Nor is Anthony receiving a double recovery, as Argonaut contends. Anthony suffered severe permanent injuries, including brain damage, when an eighteen-wheel tractor-trailer going the wrong way on a divided highway slammed into the van he was riding in while on the job. His wife sued the driver and trucking company on behalf of Anthony and their children. The trucking company’s insurer tendered policy limits, and shortly after the Bakers filed suit the parties settled for $657,000 in cash and $225,000 in an annuity. Although An*535thony’s family members each claimed loss of consortium, the parties allocated the full settlement amount to Anthony. There is no dispute that Anthony’s ongoing medical expenses mil likely exceed the amount of the settlement and his worker’s compensation benefits. Thus Anthony has yet to be made whole, and so Argonaut’s contention that he is receiving a double recovery in this case is incorrect. Furthermore, this argument is beside the point.

The specialized statutory subrogation rule in worker’s compensation — that first money goes to the insurer — exists because we have a no-fault worker’s compensation system. And under that no-fault system, for public policy reasons, we permit the insurer to recoup what it has paid ahead of anyone else’s interest, sometimes in derogation of the employee’s right to be made whole, a right that would be superior under equitable subrogation principles. Compare Capitol Aggregates, Inc. v. Great Am. Ins. Co., 408 S.W.2d 922, 923 (Tex.1966) (stating that compensation carrier entitled to first money paid to or recovered by employee), with Ortiz v. Great S. Fire & Cas. Ins. Co., 597 S.W.2d 342, 343 (Tex.1980) (stating that under equitable subro-gation, “[a]n insurer is not entitled to sub-rogation if the insured’s loss is in excess of the amounts recovered from the insurer and the third party causing the loss.”). So long as the insurer can recoup the amounts it has paid, the purpose of subro-gation in the worker’s compensation scheme is fulfilled. Moreover, that the Department of Insurance has taken a position consistent with Argonaut’s construction of the relevant statutory provisions, and that the policy here contained language consistent with that construction, does not make that construction any more persuasive. See Continental Casualty Co. v. Downs, 81 S.W.3d 803, 805 (Tex.2002). That construction is at odds with the Legislature’s plain language forbidding an employee from paying the deductible and excluding employers from those entitled to statutory subrogation rights.

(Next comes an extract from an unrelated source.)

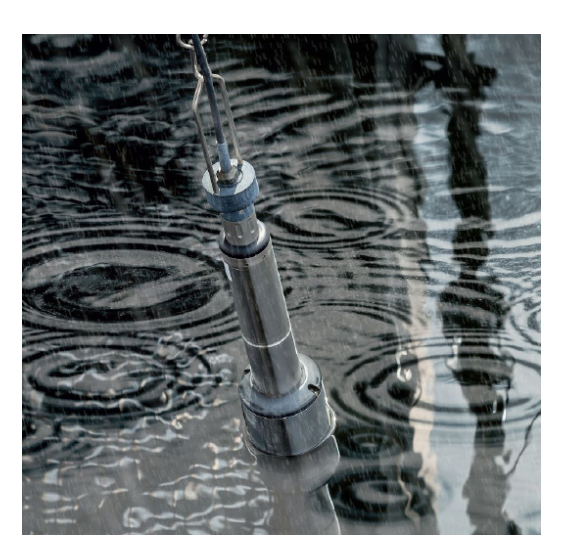
Figure 1: Sludge level sensor IFL 700 IQ

The danger of sludge drift can affect wastewater treatment plants of any size. Small plants are less able to absorb hydraulic peaks. In larger plants, the volume of sludge drift would have enormous consequences, both for the receiving water and for the operation of the plant.

This cause presents a simple question: As between the employer and the employee, who should reimburse the carrier for the deductible? I agree with the court of appeals’ answer that “[r]egardless of how it is characterized, reimbursement of the deductible amount out of an employee’s recovery from a third-party amounts to payment of the deductible by the employee instead of the employer. This is statutorily forbidden.” 36 S.W.3d at 591. Deductible plans were designed to shift risk between insurers and employers, and employers agree to accept that risk, not shift that risk to employees. Argonaut is clearly entitled to recoup the full amount of benefits it has paid, but offers no reason why it cannot look to Flowers to reimburse the deductible as required by article 5.55C and the insurance policy. To permit Argonaut to recoup the deductible amount out of Anthony’s settlement proceeds conflicts with both article 5.55C(d)’s mandate that employers reimburse carriers for benefits paid to the extent of the deductible amount and article 5.55C(f)’s prohibition on requiring employees to pay any of the deductible amount. It also creates statutory subrogation rights in favor of employers, when the Labor Code does not provide them. Accordingly, I respectfully dissent.